Это злое осмеяние крайностей мистико-идеалистической экзальтации,
характерной для некоторых кругов буржуазной интеллигенции, выражено более
резко в так называемом «первоначальном наброске» драмы — там Мистики
называются «дураками и дурами», охватившее их настроение характеризуется
как «черная тяжелая истерия»; в момент крайней взвинченности эти персонажи
превращаются в пустые сюртуки. Прямо и грубо реализуется мысль о том, что
«сложные переживания» этих «изысканных» персонажей представляют собой
пустоту. Наличие этих героев в пьесе вызвало в свое время крайнее
раздражение недавних друзей Блока, участников московского символистского
кружка «аргонавтов»; С. М. Соловьев даже узнал себя в одном из этих
персонажей. Пародийная злость в их освещении в окончательной редакции еще
более обострена сопоставлением с образом Автора, пошляка-драмодела,
постоянно вмешивающегося в действие. Одностороннее выделение образов
Мистиков как единственного объекта блоковской иронии таит в себе
возможность умаления подлинного значения идей и обобщений «Балаганчика».
Подчеркивание Блоком внутреннего родства Мистиков и Автора широко и
углубленно раскрывает внутреннюю опустошенность, духовную нищету
разных, но внутренне взаимосвязанных граней упадочного буржуазного
сознания.
Автор активнее участвует в действии пьесы, чем Мистики. Именно он,
Автор, формулирует наиболее глупо и плоско возможную трактовку сюжета
пьесы: «… дело идет о взаимной любви двух юных душ! Им преграждает путь
третье лицо; но преграды, наконец, падают, и любящие навеки соединяются
законным браком!» Автор произносит эти слова в начале пьесы, когда Арлекин
уводит улыбнувшуюся ему Коломбину от растерянного Пьеро.
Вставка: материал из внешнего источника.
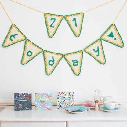 Use this crochet pattern to make a birthday age banner. The party banner is a great addition to your birthday celebrations. The numbers and letters are made using intarsia crochet and the pattern includes written instructions and a chart to make each flag. The pattern includes instructions to make numbers 0-9 and the letters to spell out ‘today!’. The flags are easy to change on the bunting so with a whole set of numbers you can celebrate every age. This pattern has been devised for right handed makers.

Эти же слова он
говорит в конце пьесы, когда простодушная, беззаветная любовь Пьеро почти
превратила в живое лицо мрачный образ Смерти. В первом случае его
вмешательство дурацки не соответствовало происходящему, во втором
случае — начисто уничтожает возможность счастливой развязки, о которой он
говорит. Простейшее, обычнейшее событие, которое лежит в основе сюжета
пьесы, Мистиками
превращается в выспреннюю ерунду, в «возвышеннуюпошлость», Автором — в пошлость обычную, повседневную. На деле это одно
и то же и одинаково губительно для участников этого события — истории
несостоявшейся, нереализованной человеческой любви Мистики —
драматические персонажи в духе Метерлинка. Имя Метерлинка названо в связи
с Мистиками в черновом наброске «Балаганчика». По поводу драм Метерлинка
Блок писал: «Но где же жизнь с противоречиями и борьбой острыми и
глубокими, и где высокая драма, отражающая эти противоречия?» (V, 168).
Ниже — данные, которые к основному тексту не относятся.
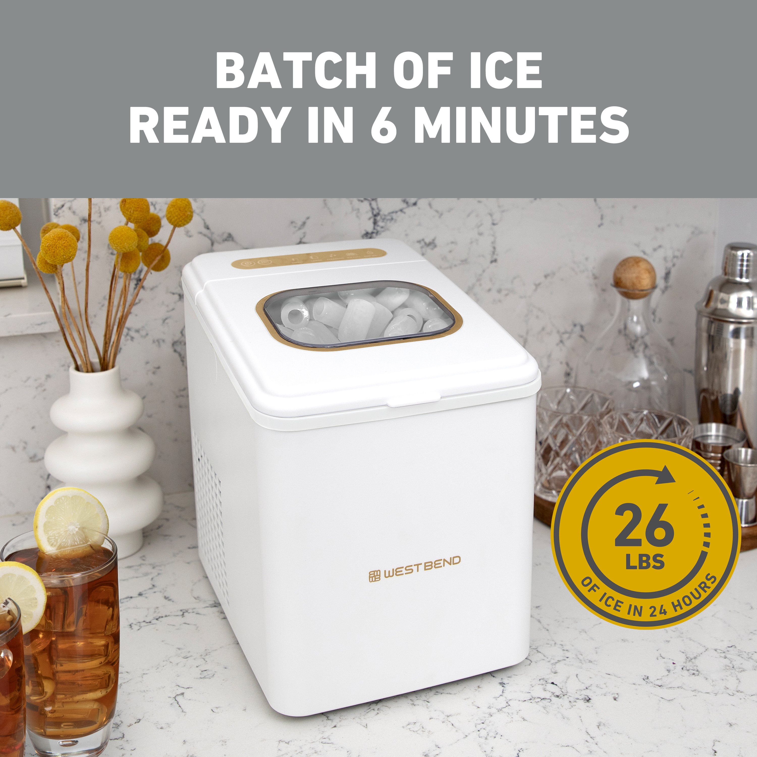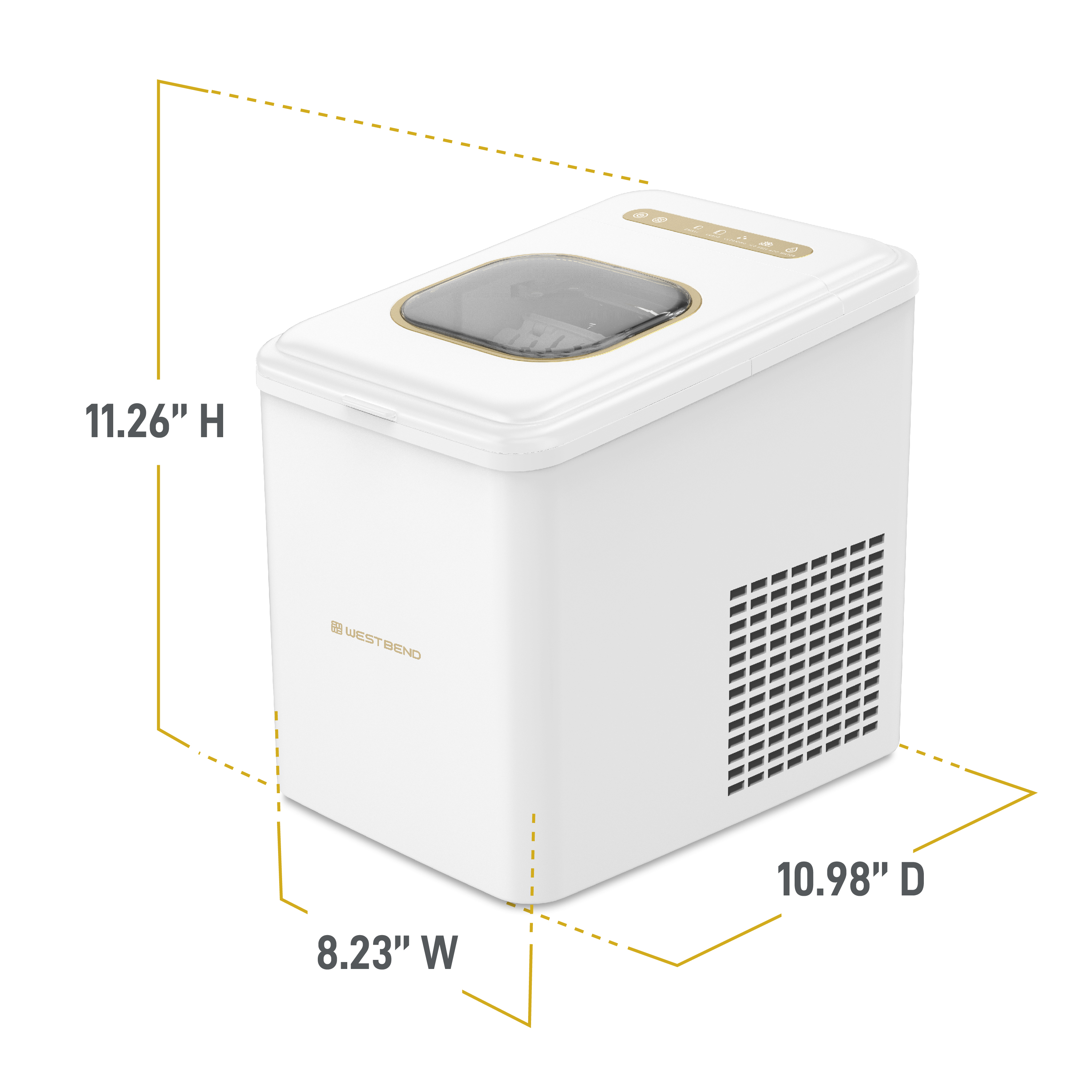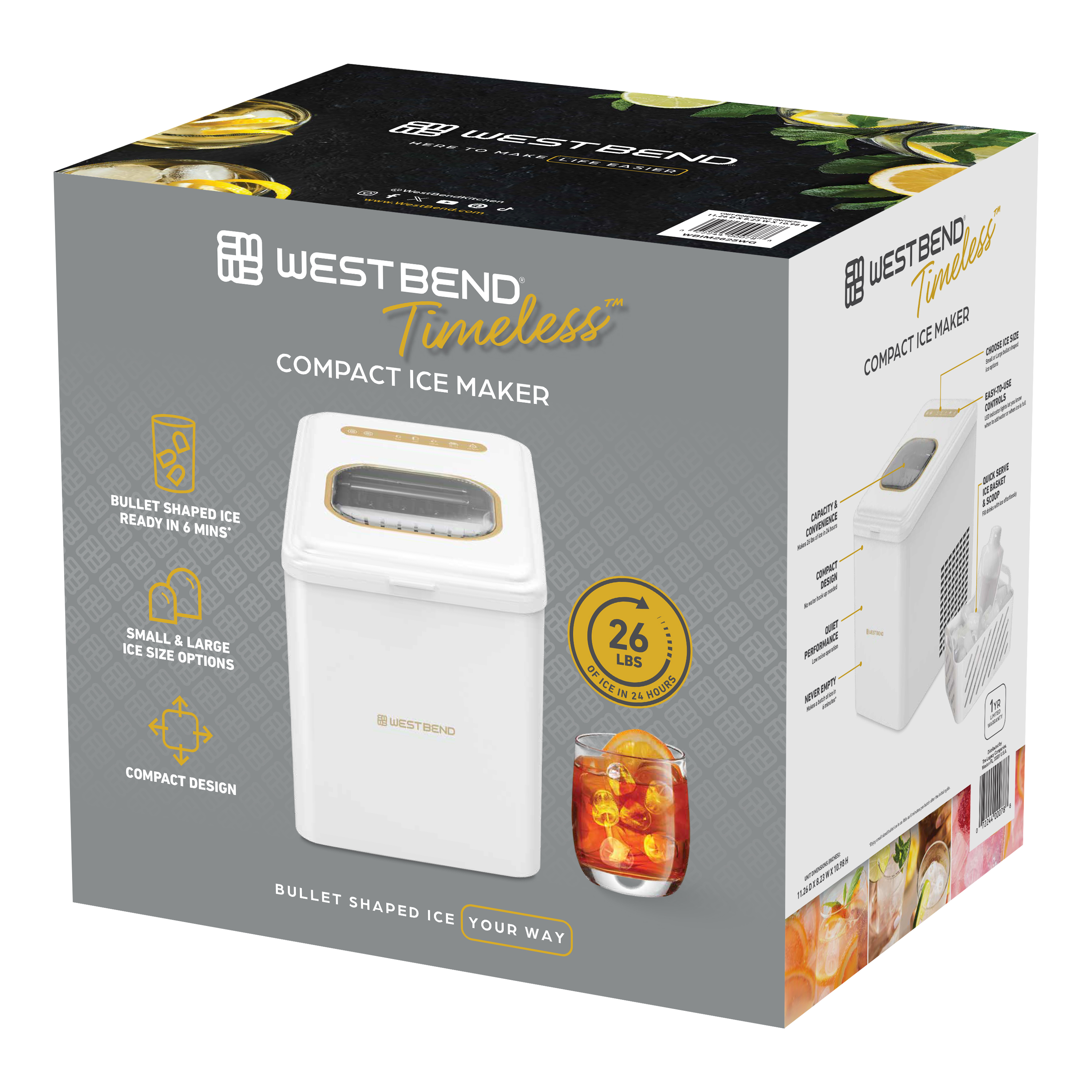 | Long Description | Discover the West Bend Timeless 26lb. Countertop Bullet Shaped Ice Maker, your ultimate solution for ice-making convenience. This dynamic appliance churns out up to 26 pounds of ice daily, ensuring you have plenty for all your beverages and gatherings. Customize your ice with ease, choosing between small and large sizes of round, smooth, bullet-shaped ice to match your needs. With a rapid production time, you can make ice in as little as 6 minutes per batch, so you'll always have ice ready when you need it. The user-friendly digital controls make setting adjustments simple, while the "Add Water" and "Ice Full" indicators keep you informed about the machine's status. Enjoy fresh, clean ice every time, thanks to the self-cleaning function that maintains top-notch hygiene. Compact and stylish, this ice maker fits seamlessly on any countertop, perfect for kitchens and event spaces alike. It comes equipped with an ice scoop and tray for easy serving and handling. Its portability makes it an ideal companion for events at home or on the go—whether you're tailgating, picnicking, or vacationing, you'll never be without ice. Operating quietly at just 49 dB, the West Bend ice maker won't disturb your surroundings. The large transparent lid not only adds a touch of elegance but also lets you monitor the ice-making process effortlessly. Combining efficiency, convenience, style, and performance, the West Bend Timeless 26lb. Countertop Bullet Shaped Ice Maker is the perfect addition to your home or event setup. |

Именно противоречия острые и глубокие, проникшие в души, в характеры
людей, изображает Блок в «Балаганчике», и именно в полном отсутствии
понимания их состоит карикатурность как Мистиков, так и Автора.
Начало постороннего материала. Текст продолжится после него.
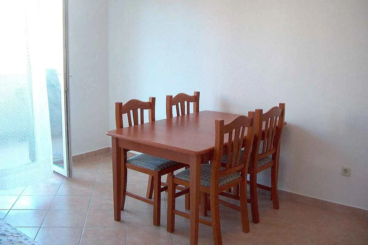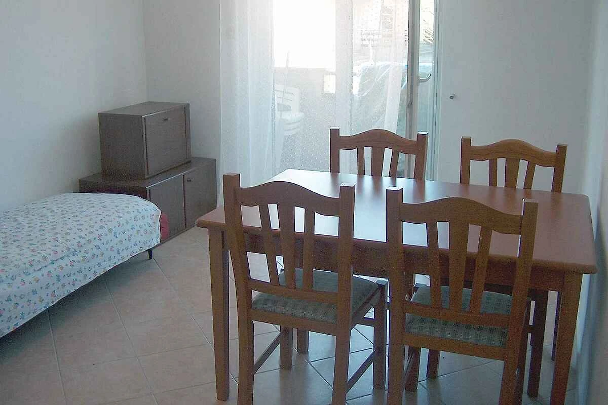 . Wohn/Schlafzimmer mit TV und Essecke. Schlafzimmer mit 1 Doppelbett und Zugang zum Balkon (5 qm, Gartenmöbel). Kochecke im Wohn/Schlafzimmer mit Elektroherd (2 Platten), Kühlschrank (Eisfach) und Kaffeemaschine. Bad mit Dusche und WC.
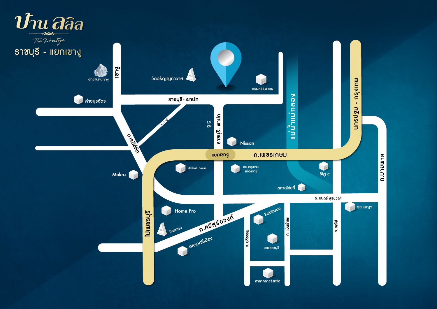 “บ้านลลิล เดอะเพรสทีจ เพชรเกษม-แยกเขางู” ตั้งอยู่บนทำเลที่มี บนถนน ราชบุรี-ผาปก ที่สามารถเดินทางเข้าสู่ศูนย์ราชการใจกลางเมือง สถานศึกษา โรงพยาบาล ห้างสรรพสินค้า ตลาด แหล่งงาน นิคมอุตสาหกรรมราชบุรี หรือ จะไปพักผ่อนย่อนใจที่อุทยานเขาหินงู ก็เดินทางเข้า-ออกได้อย่างสะดวกสบาย
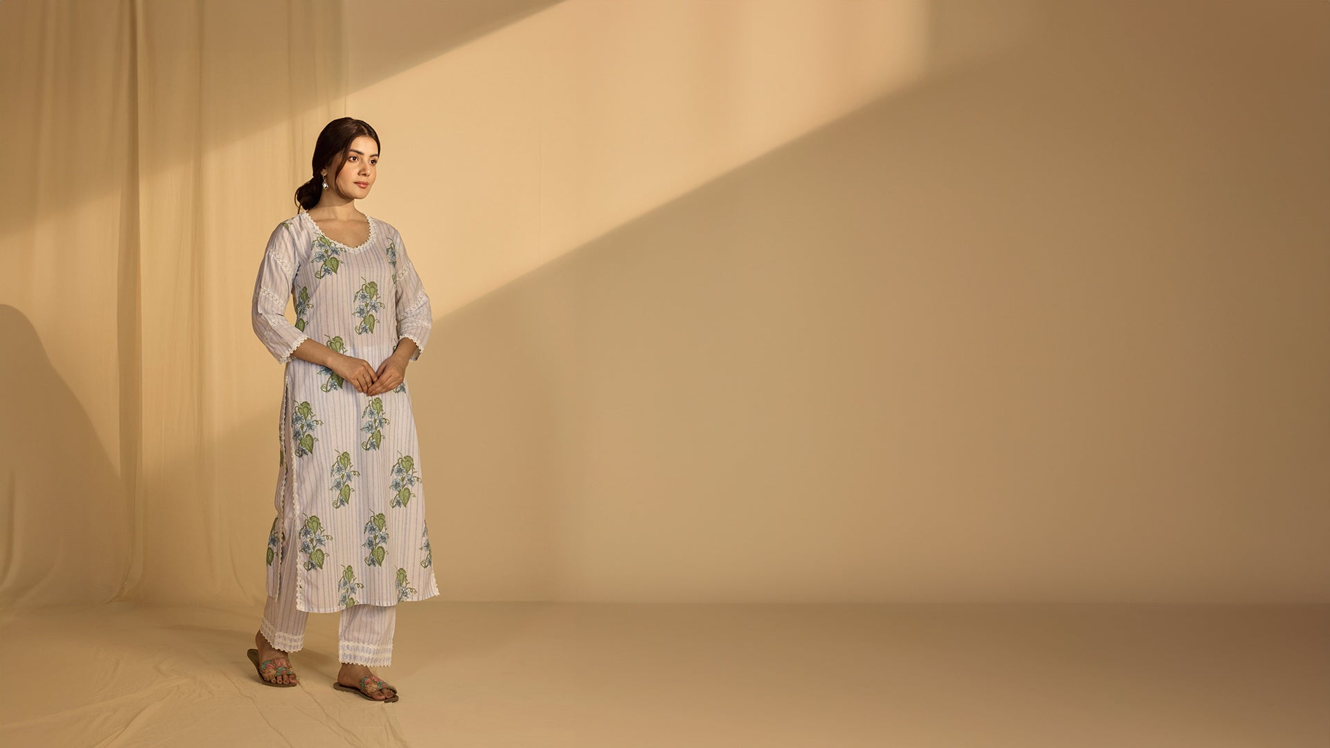 Inspired by the delicate elephant creeper flower, this cotton kurta showcases hand-block printed stripes with floral motifs, evoking the look of flowers climbing a trellis. Cascading vines and lush foliage add to its charm, while lace Embellishment on the sleeves and edges enhances the design. Silver sequins embellish the front flowers, adding a subtle sparkle.
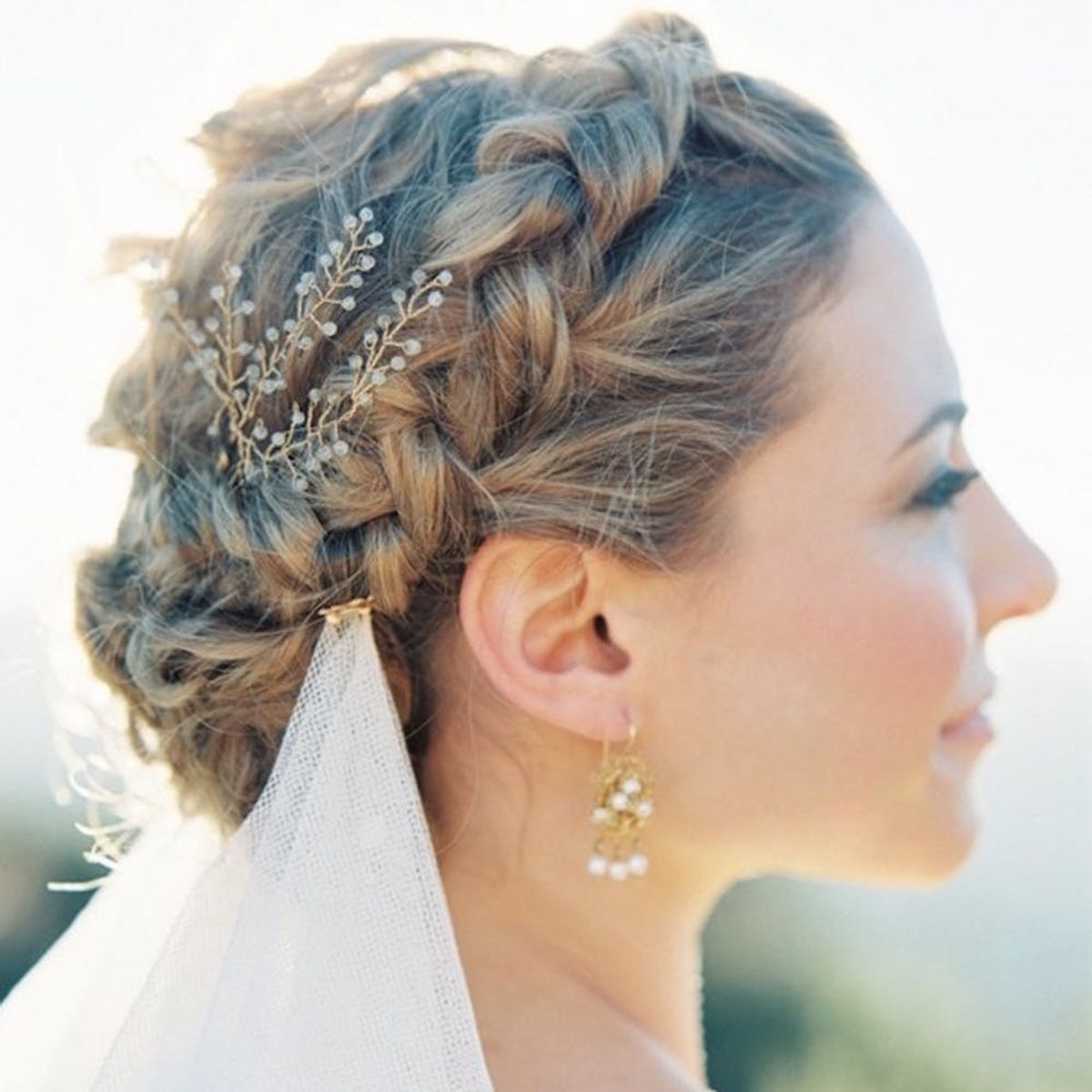 7. Braid: Though it can often be overlooked, a braid-and-veil ‘do will take your look from casual to romantic in seconds. Try a milkmaid braid to get a cool, soft vibe on your wedding day. For a new twist on the milkmaid braid, tie loose knots in your hair until you run out of room and pin down. We promise you will love the results! (Photo via Jen Huang Photography)

Категории «лирики» и «иронии» в эстетике Блока тесно взаимосвязаны. В
«Балаганчике» нет персонажей, на которых Блок не направлял бы оружие своей
иронии, он не щадит в этом смысле никого из них, в том числе и главных
героев — Пьеро, Арлекина и Коломбину. Их отличие от Автора и Мистиков
состоит в том, что на них направлен еще и высокий лиризм. Они по-
человечески не опустошены, потому что основу их душ составляет серьезная
блоковская лирика. Взаимоотношения этих лиц и образуют реальный
внутренний сюжет пьесы, далекий от той пошлой коллизии, которую
предлагает вниманию зрителя Автор. Сами же отношения главных персонажей
предстают поверхностному взгляду очень странными. Пьеро и Арлекин
являются соперниками в любви; их возлюбленная, Коломбина, в начале
действия предпочитает Пьеро Мистикам, готовым молиться ей как
долгожданной избавительнице — Смерти, но при первом же появлении
Арлекина покидает Пьеро и уходит с Арлекином. Однако любовь Арлекина
превращает ее в картонную куклу, духовно убивает ее. Образ живого человека
(в черновом наброске Коломбина называется просто Машей), превращаемого в
картонную куклу, в нечто мертвенно-механическое, господствует в образной
структуре пьесы. Картонной куклой эту простую девушку делает и религиозно-
мистический, «дурацкий» экстаз Мистиков. Картонным персонажем предстает
она также и в той шаблонной пьесе о любовном треугольнике, которую
сочиняет на глазах у зрителя Автор.
Простая и глубокая мысль Блока раскрывается во всем построении пьесы.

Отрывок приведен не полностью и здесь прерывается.